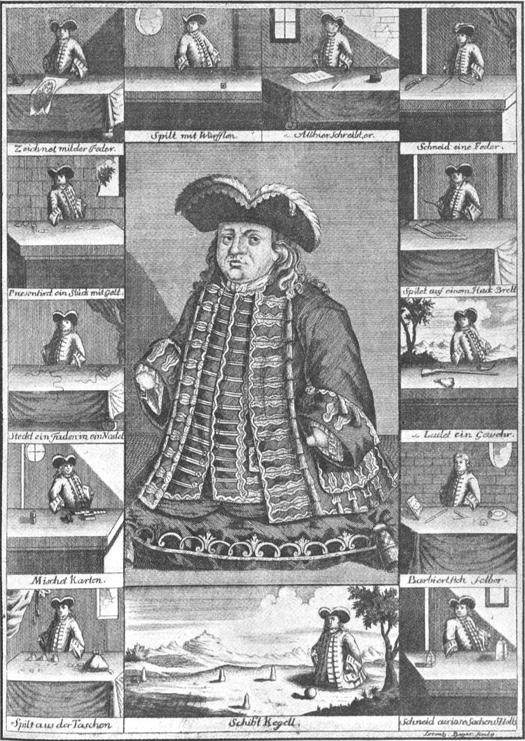 »Mit Bewilligung der Gnädigen und Hochgebietenden Obrigkeit wird bekannt gemacht, dass allhier aus frembden Landen angekommen eine ohne Händ und Füsse gebohrne Person, welche ihre Exercitia vor vielen hohen Potentaten präsentiret hat.
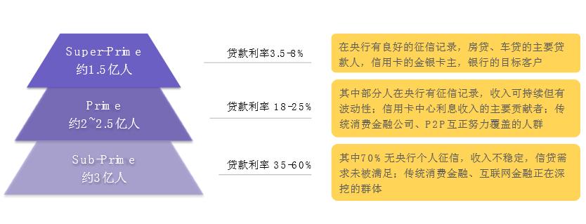 金融机构在个人信贷领域,按照贷款用户的质量分为三大层级:分别是 Super Prime(优质客户)、Prime (勉强符合标准客户)、Sub-Prime(次级客户);不同层级的客户,获批的贷款类型不同,金融机构的风险定价也不同。
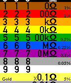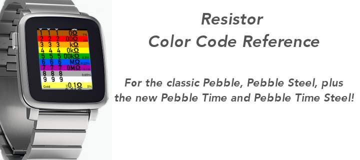 Quick reference tool for electronics, including resistor color code. Supports color on the new Pebble Time/Pebble Time Steel watches. Also functions on the older black-and-white models (using text rather than color). Suitable for standard 4 and 5 band resistors.
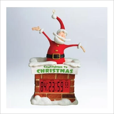 Hallmark Tabletop Decoration. Dimensions: 5 1/2″ H, Artist: This battery operated ornament has a touch screen that counts down the days, hours, minutes, and seconds until Christmas. This is the tabletop.. register to win piece.
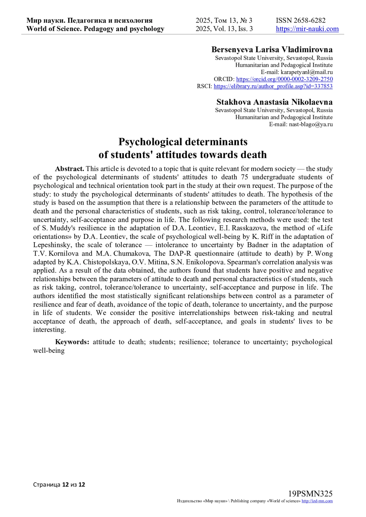 В результате полученных данных авторами установлено, что у студентов существуют положительные и отрицательные взаимосвязи между параметрами отношения к смерти и личностными особенностями студентов, такими как принятие риска, контроль, интолерантность/толерантность к неопределенности, самопринятие и цель в жизни. Наиболее статистически значимые взаимосвязи авторами были выявлены между контролем как параметром жизнестойкости и страхом смерти, избеганием темы смерти, интолерантности к неопределенности, целью в жизни у студентов. Интересной считаем положительные взаимосвязи между принятием риска и нейтральным принятием смерти, приближением смерти, самопринятием, целями в жизни у студентов.
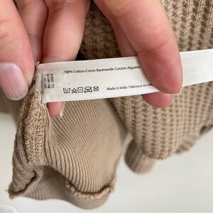 Features: Soft cotton fabrication, thermal design, wide scoop-neckline, drop-shoulder sleeves, high-low hem.
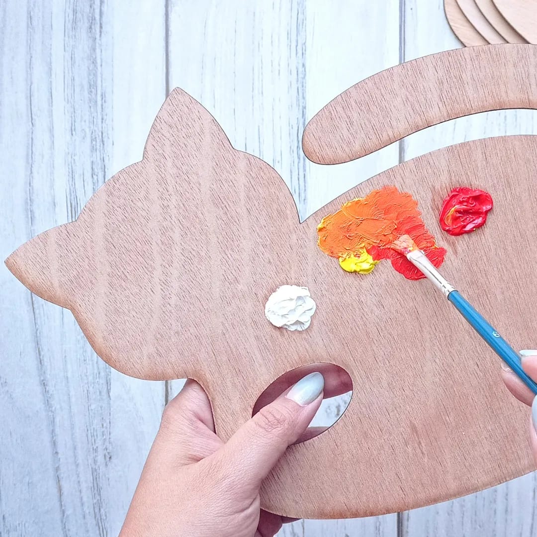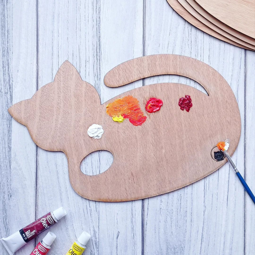 Hermosa paleta mezcladora de madera con forma de gato. Ideal para trabajar a gusto y puedas crear colores fácil y divertidamente.
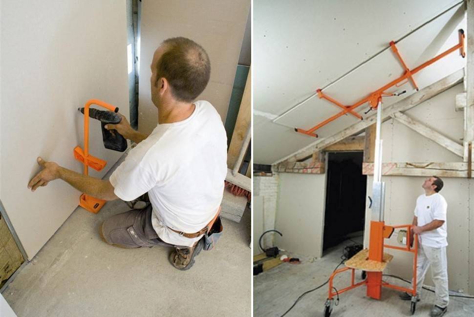 Когда-то сухая штукатурка из слоя гипса между двумя картонными листами не пользовалась высоким спросом, но со временем популярность этого материала возросла, и появились разные приспособления для него, в том числе подъемник для гипсокартона
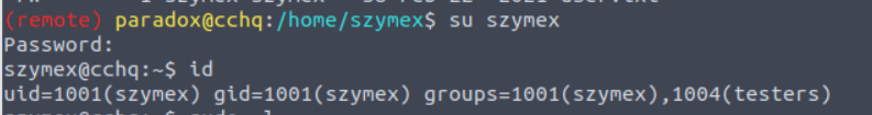 (remote) paradox@cchq:/home$ ls -al szymex/
+++++
Drop the pictures and reproduce the rest of the entries above exactly.

 »Mit Bewilligung der Gnädigen und Hochgebietenden Obrigkeit wird bekannt gemacht, dass allhier aus frembden Landen angekommen eine ohne Händ und Füsse gebohrne Person, welche ihre Exercitia vor vielen hohen Potentaten präsentiret hat.
 金融机构在个人信贷领域,按照贷款用户的质量分为三大层级:分别是 Super Prime(优质客户)、Prime (勉强符合标准客户)、Sub-Prime(次级客户);不同层级的客户,获批的贷款类型不同,金融机构的风险定价也不同。
 Quick reference tool for electronics, including resistor color code. Supports color on the new Pebble Time/Pebble Time Steel watches. Also functions on the older black-and-white models (using text rather than color). Suitable for standard 4 and 5 band resistors.
 Hallmark Tabletop Decoration. Dimensions: 5 1/2″ H, Artist: This battery operated ornament has a touch screen that counts down the days, hours, minutes, and seconds until Christmas. This is the tabletop.. register to win piece.
 В результате полученных данных авторами установлено, что у студентов существуют положительные и отрицательные взаимосвязи между параметрами отношения к смерти и личностными особенностями студентов, такими как принятие риска, контроль, интолерантность/толерантность к неопределенности, самопринятие и цель в жизни. Наиболее статистически значимые взаимосвязи авторами были выявлены между контролем как параметром жизнестойкости и страхом смерти, избеганием темы смерти, интолерантности к неопределенности, целью в жизни у студентов. Интересной считаем положительные взаимосвязи между принятием риска и нейтральным принятием смерти, приближением смерти, самопринятием, целями в жизни у студентов.
 Features: Soft cotton fabrication, thermal design, wide scoop-neckline, drop-shoulder sleeves, high-low hem.
 Hermosa paleta mezcladora de madera con forma de gato. Ideal para trabajar a gusto y puedas crear colores fácil y divertidamente.
 Когда-то сухая штукатурка из слоя гипса между двумя картонными листами не пользовалась высоким спросом, но со временем популярность этого материала возросла, и появились разные приспособления для него, в том числе подъемник для гипсокартона
 (remote) paradox@cchq:/home$ ls -al szymex/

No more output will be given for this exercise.